Start of Input data
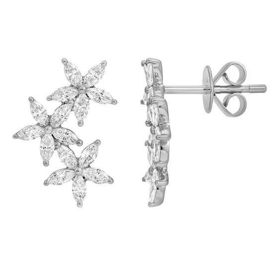 14k White Gold Trio Flower Diamond Stud Earrings .85ctw
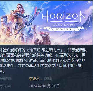 索尼《地平线:零之曙光复刻版》现已正式在Steam平台发售,截止发稿,本作收录了234条玩家评测,好评率61%(褒贬不一)。
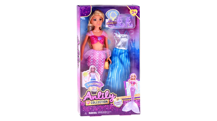 Fedezd fel ezt a varázslatos 2 az 1-ben babát, amely elegáns hercegnőből bájos sellővé alakulhat! Tökéletes játék minden kis mese- és fantasyrajongó számára. Cserélhető ruhákkal és csillogó kiegészítőkkel gyermeked saját történeteket alkothat – hol egy királyi bálon, hol egy víz alatti királyságban.
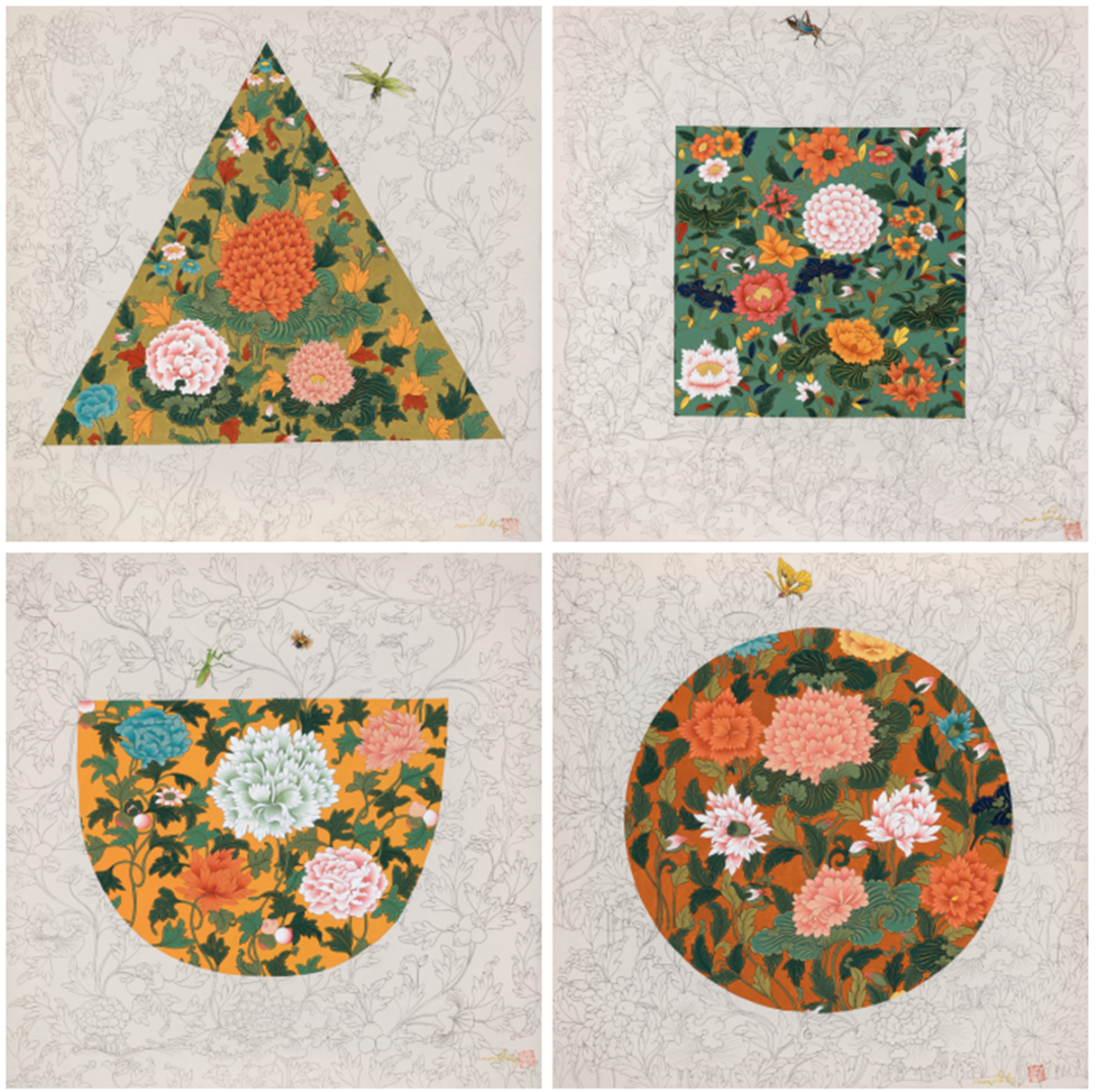 拉巴次仁唐卡花卉中国画70cm×70cm×4西藏
End of Input data
> **What needs to be done**
Omit pictures; set down the rest of the material word for word.

> **Task response**
 14k White Gold Trio Flower Diamond Stud Earrings .85ctw
 索尼《地平线:零之曙光复刻版》现已正式在Steam平台发售,截止发稿,本作收录了234条玩家评测,好评率61%(褒贬不一)。
 Fedezd fel ezt a varázslatos 2 az 1-ben babát, amely elegáns hercegnőből bájos sellővé alakulhat! Tökéletes játék minden kis mese- és fantasyrajongó számára. Cserélhető ruhákkal és csillogó kiegészítőkkel gyermeked saját történeteket alkothat – hol egy királyi bálon, hol egy víz alatti királyságban.
 拉巴次仁唐卡花卉中国画70cm×70cm×4西藏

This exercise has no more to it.